By Angela Nishio, MD, OB-GYN

Medical Director, Women’s Health Services

Providence Saint John’s Health Center

Throughout the pandemic, I have been treating pregnant patients at Providence Saint John’s Health Center in Santa Monica, CA. Before the vaccines, there were a lot of unknowns and people were worried. But today, I recommend the COVID-19 vaccines to my pregnant patients. I tell them it is part of taking good care of themselves and their babies.

When I meet a patient who is hesitant to get vaccinated while pregnant, I start by telling them how the vaccines were studied and tested, and how the technology used in the vaccines has been around for more than 20 years. The biggest myth is that people think these vaccines are new and unstudied. So, we talk about how the vaccines are safe, and how getting COVID-19 during pregnancy could be so much worse.

I do have one patient who got seriously ill while pregnant and now regrets not getting vaccinated. Instead of getting what we know is a safe vaccination, she ultimately had to have seven or eight different medications to treat her serious COVID illness while pregnant. At my hospital, we also have had unvaccinated pregnant women die from COVID-19. It is heartbreaking. I don’t want anyone to go through that.

To help pregnant people or people seeking to become pregnant from across California understand the importance of getting vaccinated against COVID-19, I’m sharing my answers to these frequently asked questions about pregnancy and the vaccines I have heard from members of our community. I hope this FAQ helps make your vaccination decision easier.

Q. If I am pregnant, is it safe for me to receive a COVID-19 vaccine?

A.  Pregnant and lactating people may receive any of the three COVID-19 vaccines currently authorized for use in the U.S. These vaccines use a small piece of the virus that can’t cause infection but trigger an immune response in the body – causing the body to produce protective antibodies. All three vaccines are safe and effective for people who are pregnant, seeking to become pregnant or breastfeeding.

Q. Were the vaccines studied in pregnant people?

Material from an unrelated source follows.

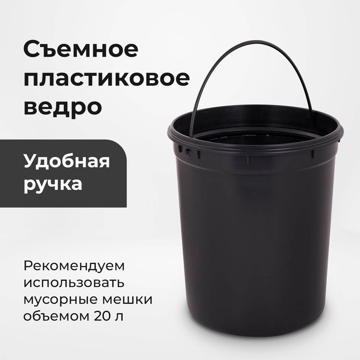 Изготовленное из нержавеющей стали с антикоррозийным покрытием, ведро гарантирует долгий срок службы. Антискользящее основание придает устойчивость. Рекомендуемый объем мешка - 20 литров.

A. The U.S. Centers for Disease Control and Prevention (CDC) has followed pregnant women who received the COVID vaccine and as of Oct. 18, 2021, more than 168,000 women have been tracked. Based on this information and what is known about how these vaccines work and their ingredients, researchers found no safety concerns for pregnant people receiving the COVID-19 vaccines.

Q. Why should I get vaccinated while I’m pregnant?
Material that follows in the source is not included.